The report also discusses standards for permitted political campaign activities of organizations that are exempt under other subsections of Section 501, including subsections 501(c)(4), 501(c) (5), 501(c)(6) and political organizations that may qualify for various types of tax exemptions under Section 527 of the Code. See Report on p. 11-20.

Disclosure Requirements.

The report outlines the disclosure and reporting requirements of tax-exempt organizations, including requirements for expenses and activities related to participation in any political campaign for candidates for elected public office and any lobbying.
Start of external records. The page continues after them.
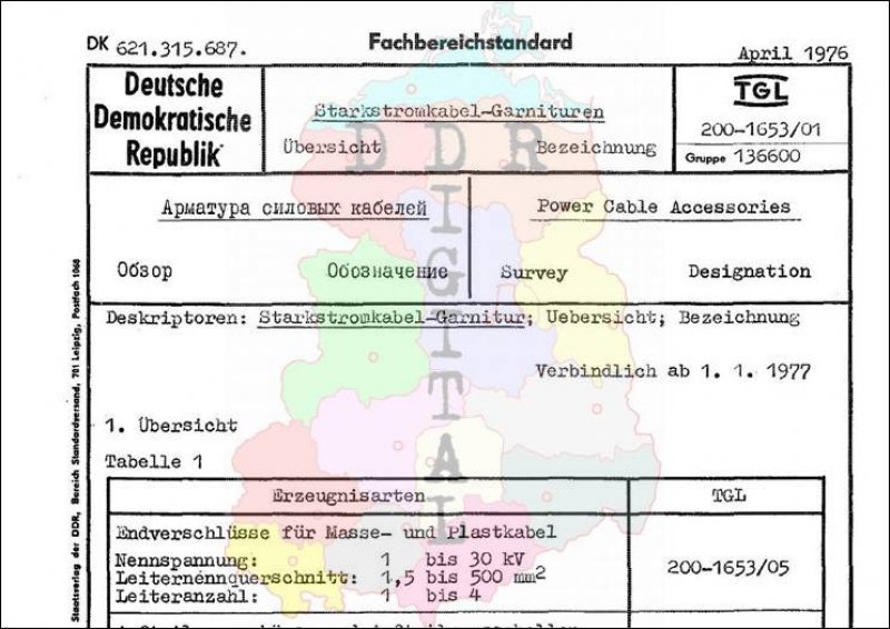 Standard: Fachbereichstandard Ausgabe: April 1976 verbindlich ab: 01.01.1977 Verantwortlich: Kombinat VEB Kabelwerk Oberspree Wilhelm Pieck Berlin bestätigt am: 30.04.1976 Bestätigt von: Kombinat VEB Kabelwerk Oberspree Wilhelm Pieck Berlin Anzahl Seiten: 8
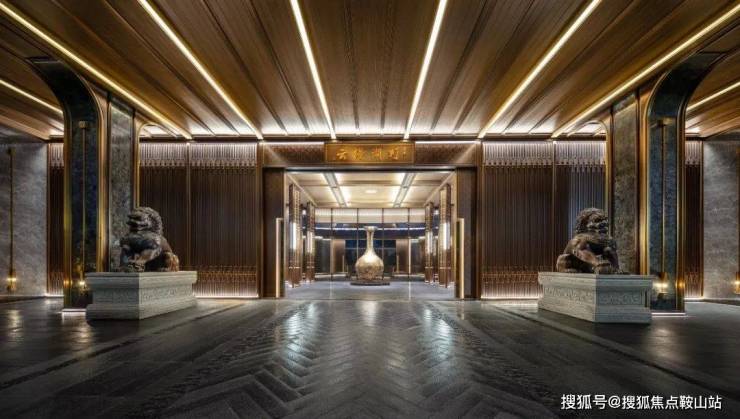 在立面每个柱身上,同一个线条的不同位置上,用不同的金属、不同的质感或光泽构筑独特的细节,中式纹样细节充盈整个立面。
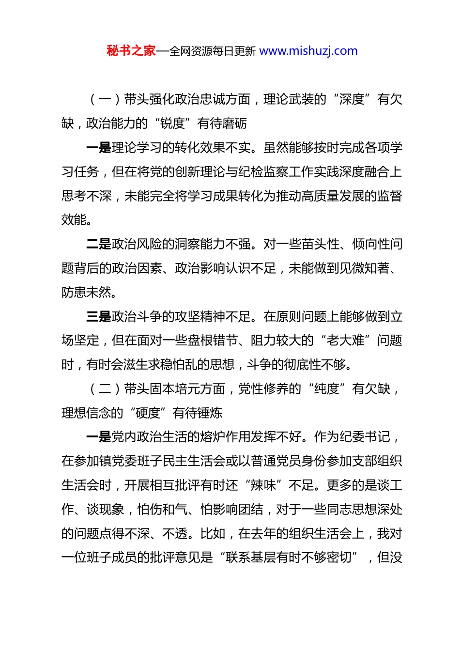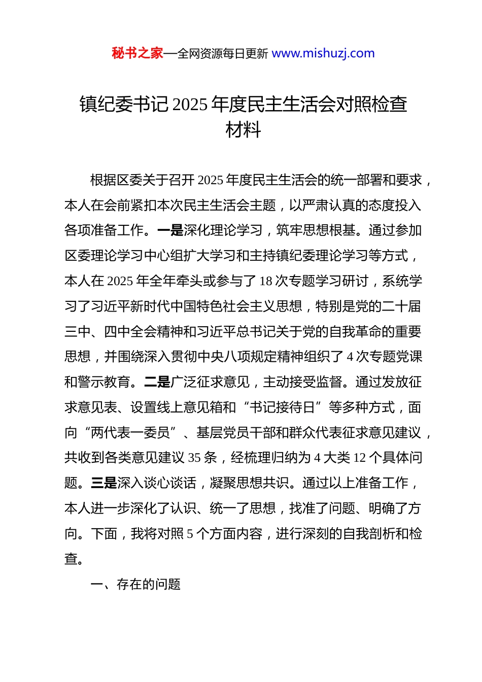 秘书之家—全网资源每日更新 www.mishuzj.com镇纪委书记 2025 年度民主生活会对照检查材料 根据区委关于召开 2025 年度民主生活会的统一部署和要求,本人在会前紧扣本次民主生活会主题,以严肃认真的态度投入各项准备工作。一是深化理论学习,筑牢思想根基。通过参加区委理论学习中心组扩大学习和主持镇纪委理论学习等方式,本人在 2025 年全年牵头或参与了 18 次专题学习研讨,系统学习了习近平新时代中国特色社会主义思想,特别是党的二十届三中、四中全会精神和习近平总书记关于党的自我革命的重要思想,并围绕深入贯彻中央八项规定精神组织了 4 次专题党课和警示教育。二是广泛征求意见,主动接受监督。通过发放征求意见表、设置线上意见箱和“书记接待日”等多种方式,面向“两代表一委员”、基层党员干部和群众代表征求意见建议,共收到各类意见建议 35 条,经梳理归纳为 4 大类 12 个具体问题。三是深入谈心谈话,凝聚思想共识。通过以上准备工作,本人进一步深化了认识、统一了思想,找准了问题、明确了方向。下面,我将对照 5 个方面内容,进行深刻的自我剖析和检查。一、存在的问题秘书之家—全网资源每日更新 www.mishuzj.com(一)带头强化政治忠诚方面,理论武装的“深度”有欠缺,政治能力的“锐度”有待磨砺一是理论学习的转化效果不实。虽然能够按时完成各项学习任务,但在将党的创新理论与纪检监察工作实践深度融合上思考不深,未能完全将学习成果转化为推动高质量发展的监督效能。二是政治风险的洞察能力不强。对一些苗头性、倾向性问题背后的政治因素、政治影响认识不足,未能做到见微知著、防患未然。三是政治斗争的攻坚精神不足。在原则问题上能够做到立场坚定,但在面对一些盘根错节、阻力较大的“老大难”问题时,有时会滋生求稳怕乱的思想,斗争的彻底性不够。(二)带头固本培元方面,党性修养的“纯度”有欠缺,理想信念的“硬度”有待锤炼一是党内政治生活的熔炉作用发挥不好。作为纪委书记,在参加镇党委班子民主生活会或以普通党员身份参加支部组织生活会时,开展相互批评有时还“辣味”不足。更多的是谈工作、谈现象,怕伤和气、怕影响团结,对于一些同志思想深处的问题点得不深、不透。比如,在去年的组织生活会上,我对一位班子成员的批评意见是“联系基层有时不够密切”,但没秘书之家—全网资源每日更新 www.mishuzj.com有进一步指出其根源是群众立场树得不牢、官本位思想尚未根除的问题。二是精神追求的境界标准要求不高。随着工作阅历的增长,有时会不自觉地产生“歇歇脚”的念头,在改造主观世界上所下的功夫有所减弱。满足于事务性工作多,静下心来读原著、学原文、悟原理的时间被挤占,导致理论素养和精神境界的提升进入了“平台期”。2025 年,我给自己定下了通读《习近平著作选读》第二卷的目标,但至今仍有近三分之一的篇目未完成精读,学习笔记仅记录了不到 2 万字。三是为民服务的宗旨情怀扎根不深。虽然也经常下基层,但有时存在“被动下访”多、“主动解题”少的情况。对于群众反映强烈的诉置,有时未能做到第一时间响应、全过程跟踪。2025 年 10 月,有群众多次通过便民热线反映**社区一处建筑垃圾清运不及时、影响环境的问题。我虽然批示给了相关部门办理,但没有亲自到现场督办核实,导致问题拖延了近 20 天才得到彻底解决,反映出我“马上就办、真抓实干”的作风还不够扎实。(三)带头敬畏人民组织法纪方面,群众路线的“温度”有欠缺,权力观念的“准度”有待校正一是践行“四下基层”制度不主动。全年虽然下到村(社秘书之家—全网资源每日更新 www.mishuzj.com区)开展调研、信访接待等工作合计超过 40 次,但真正带着问题、沉到一线“解剖麻雀”式的深度调研不多。例如,在推进“清廉村居”建设工作中,我更多的是在会议上作部署、听汇报,但在 2025 年,我仅选取了 2 个村作为联系点进行蹲点调研,对全镇**个村(社区)在建设中遇到的普遍性困难和个性化问题掌握得不够全面、不够精准,导致后续出台的一些指导性文件针对性不强。二是执行民主集中制的自觉性不好。在纪委内部的议事...
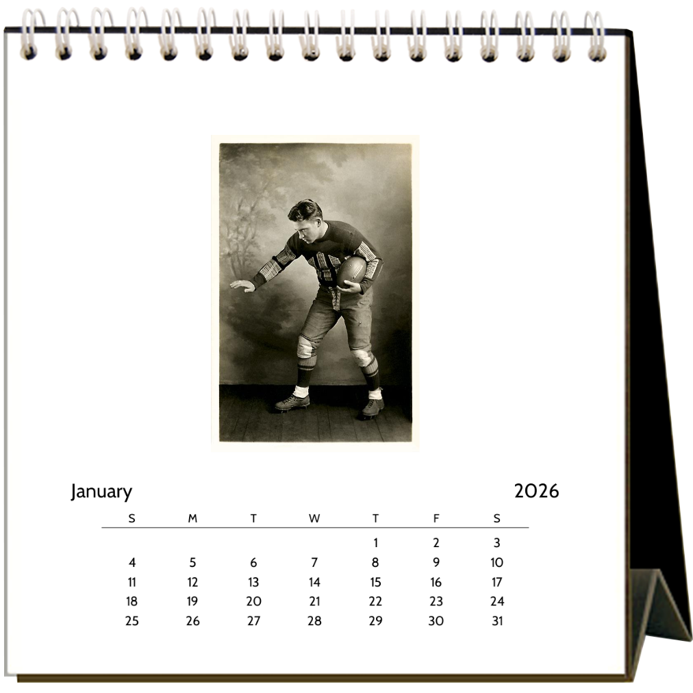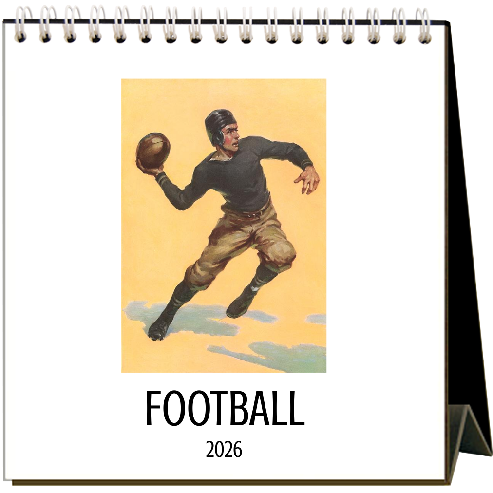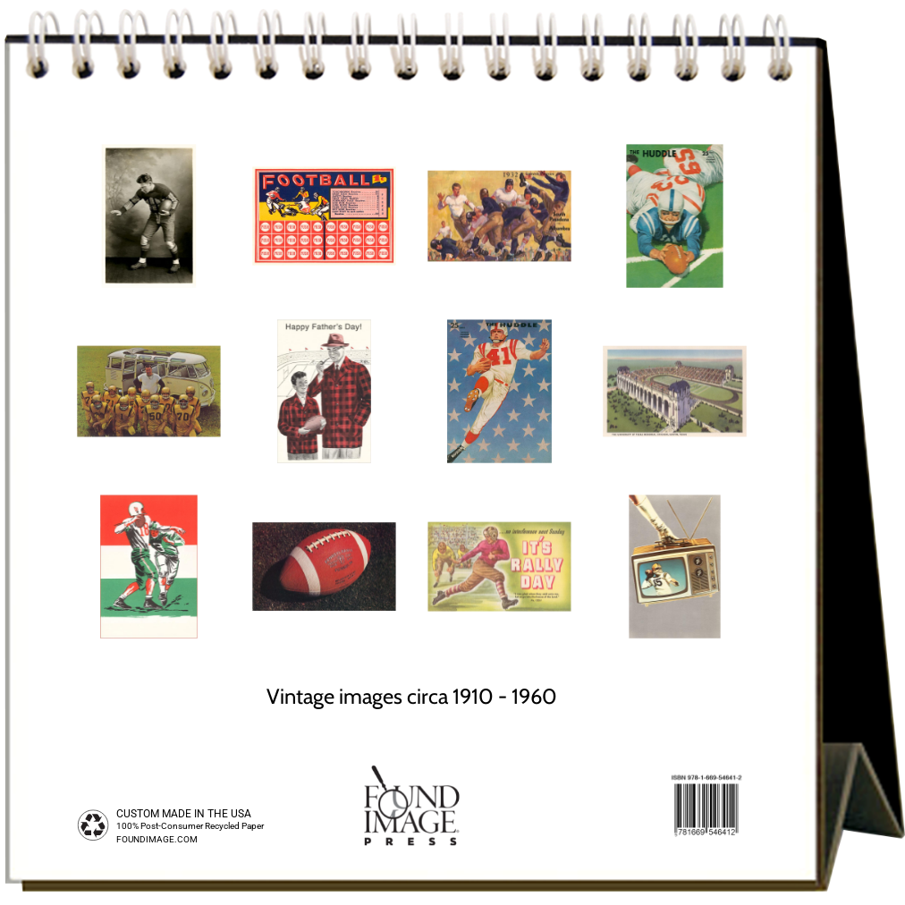 What do you get when you meld soccer and rugby? America's favorite sport -- Football! This easel desk calendar celebrates this uniquely American sport with 12 vintage images (1910 - 1960) of men passing, kicking, catching, and running the ball. Printed on 100% post-consumer recycled, acid-free, natural white, heavy cardstock, the calendar is 6" x 7" x 3" when expanded. Just like football, it's made in the USA. Touchdown!
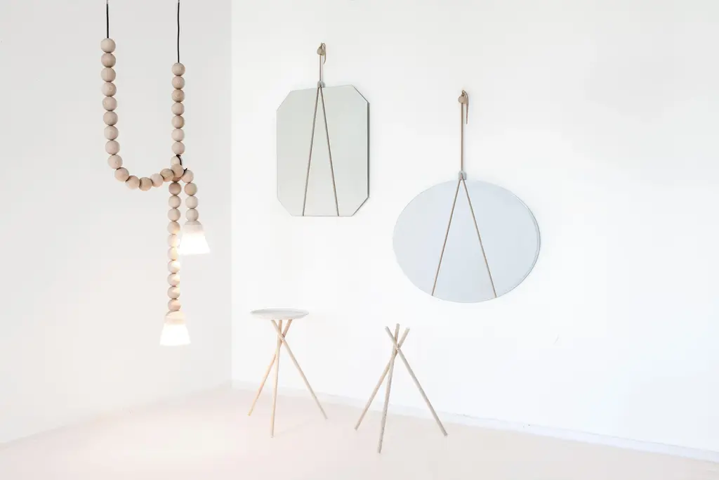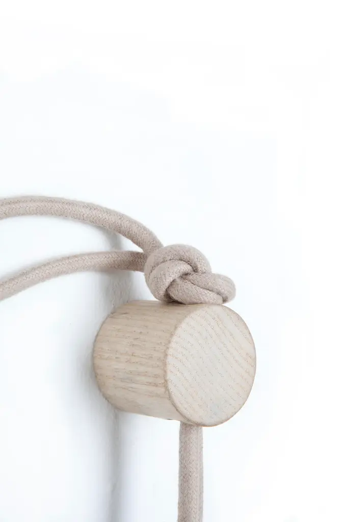 Discover hidden reserves – explore your attics, examine your basements and collect all glass that reflects – Llot Llov is on a mission to reanimate every single ancient mirror that lies around. Through Hank abandoned mirrors regain their place on the wall. The product itself consists of a harness made of waxed cotton rope, a wooden knob and a small aluminium plate. The rope is set up in a v-shape and adjusted by the plate, which sits on the mirror’s upper edge. Here the ropes merge and lead to the wooden knob that holds the minimalist installation parallel to the wall. Overall height is approx. 122 cm. This knob needs just one drill hole to be fastened and with its reduced parts, Hank is clever and light. The set comes in two versions that cover every size and shape.
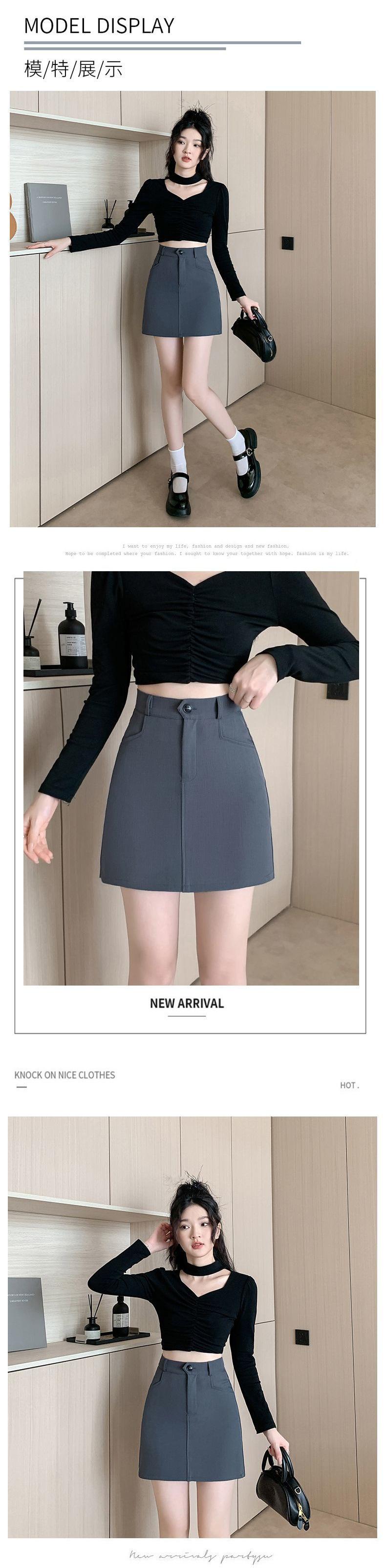 Traje Gris Nueva Falda Corta Anti-Exposición Cintura Alta Adelgazante Primavera y Verano Falda de Chica Caliente Falda Petite Negro
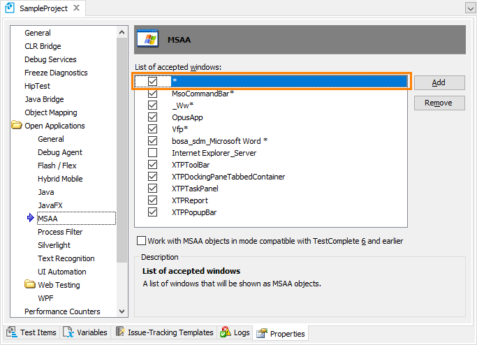 • Add class names (the WndClass property value) of your FoxPro application’s forms to the List of accepted windows. This will make the TestComplete MSAA engine expose individual controls in these forms.
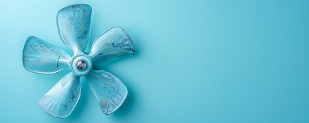 Vintage Metal Fan Blade with Light Blue Background, Minimalist Design, Industrial Decor, Detailed Texture, Retro Aesthetic, Home Decor, Wall Art, Photography, Cool Toned Image, Zen and Tranquil Vibe AI Generative
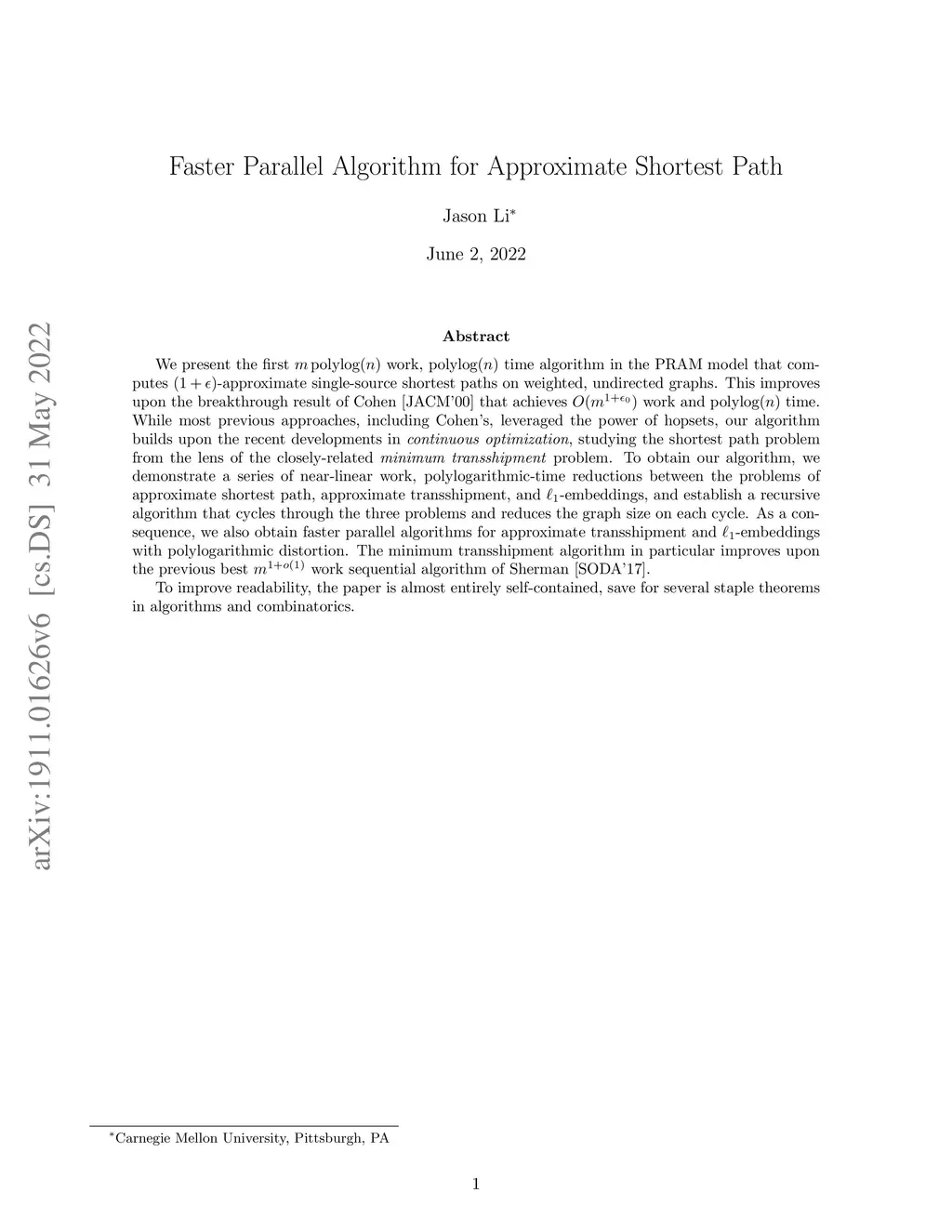 We present the first work, time algorithm in the PRAM model that computes -approximate single-source shortest paths on weighted, undirected graphs. This improves upon the breakthrough result of Cohen~[JACM'00] that achieves work and time. While most previous approaches, including Cohen's, leveraged the power of hopsets, our algorithm builds upon the recent developments in \emph{continuous optimization}, studying the shortest path problem from the lens of the closely-related \emph{minimum transshipment} problem. To obtain our algorithm, we demonstrate a series of near-linear work, polylogarithmic-time reductions between the problems of approximate shortest path, approximate transshipment, and -embeddings, and establish a recursive algorithm that cycles through the three problems and reduces the graph size on each cycle. As a consequence, we also obtain faster parallel algorithms for approximate transshipment and -embeddings with polylogarithmic distortion. The minimum transshipment algorithm in particular improves upon the previous best work sequential algorithm of Sherman~[SODA'17]. To improve readability, the paper is almost entirely self-contained, save for several staple theorems in algorithms and combinatorics.
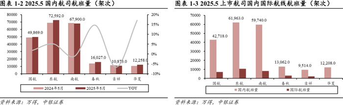 2.1.2 量:2025年5月货运执飞航班量国内航线同比下降,国际航线同比上升
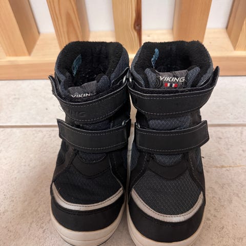 Viking lasten kengät, koko 32, musta väri, unisex-malli. Kengät on valmistettu kestävistä materiaaleista ja niissä on tarrakiinnitys. Sopivat lasten käyttöön erilaisissa sääolosuhteissa.

See Report on p. 22-27.

Statistical data.

The report ends with statistical data. The report indicates that approximately 2 million organizations are exempt under 501(c)(3), representing approximately seventy-five percent of all tax-exempt organizations. See Report on p. 29-30.

Knowledge: The tax-exempt sector is a major player in the global economy, with more than 2 million Section 501 organized organizations registered with the IRS. Before an exempt organization engages in political campaigning or lobbying, the organization should have a good understanding of the statutory and regulatory safeguards that apply to the organization. Violations of legal or regulatory requirements could cost the organization its tax-exempt status, or result in excise taxes being imposed on the organization or its management, or all of the above. The Joint Committee on Taxation report is a decent arrow for any exempt organization to put in its regulatory quiver, but as these matters go, taxes are in the details. Competent legal and tax advisors should be consulted, where appropriate, to ensure that one of the organization’s most valuable assets – federal income tax exemption – is protected and maintained.